Find the line below with "The Doctor Gummies" and the line with "Volatile Organic Compounds". Output exactly those lines and everything between them, leaving out the pictures.

- **DATA TO USE**
....

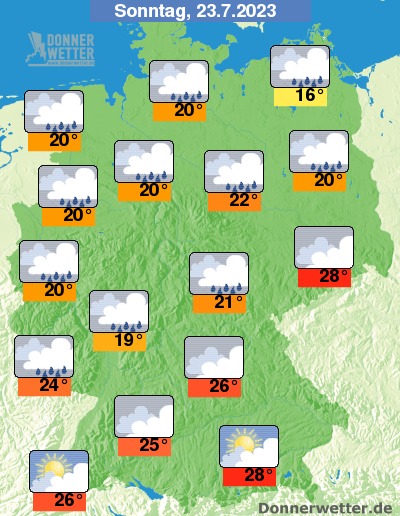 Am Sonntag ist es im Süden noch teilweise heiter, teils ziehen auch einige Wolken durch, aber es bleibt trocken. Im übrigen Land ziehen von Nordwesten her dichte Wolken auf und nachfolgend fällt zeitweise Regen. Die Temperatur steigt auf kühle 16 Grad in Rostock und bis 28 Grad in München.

....

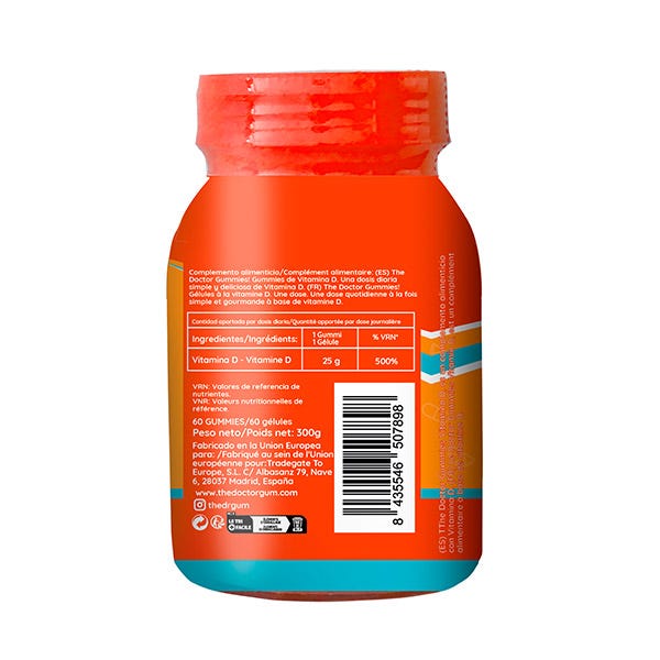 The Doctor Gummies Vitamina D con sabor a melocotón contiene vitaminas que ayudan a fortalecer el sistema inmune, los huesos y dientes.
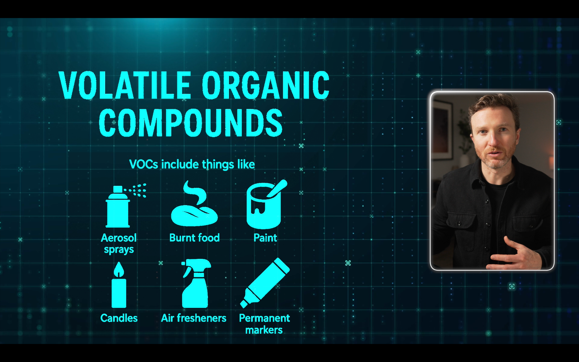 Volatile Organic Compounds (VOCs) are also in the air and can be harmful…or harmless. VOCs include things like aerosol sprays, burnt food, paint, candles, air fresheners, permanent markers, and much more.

....

- **RESPONSE BOX**
 The Doctor Gummies Vitamina D con sabor a melocotón contiene vitaminas que ayudan a fortalecer el sistema inmune, los huesos y dientes.
 Volatile Organic Compounds (VOCs) are also in the air and can be harmful…or harmless. VOCs include things like aerosol sprays, burnt food, paint, candles, air fresheners, permanent markers, and much more.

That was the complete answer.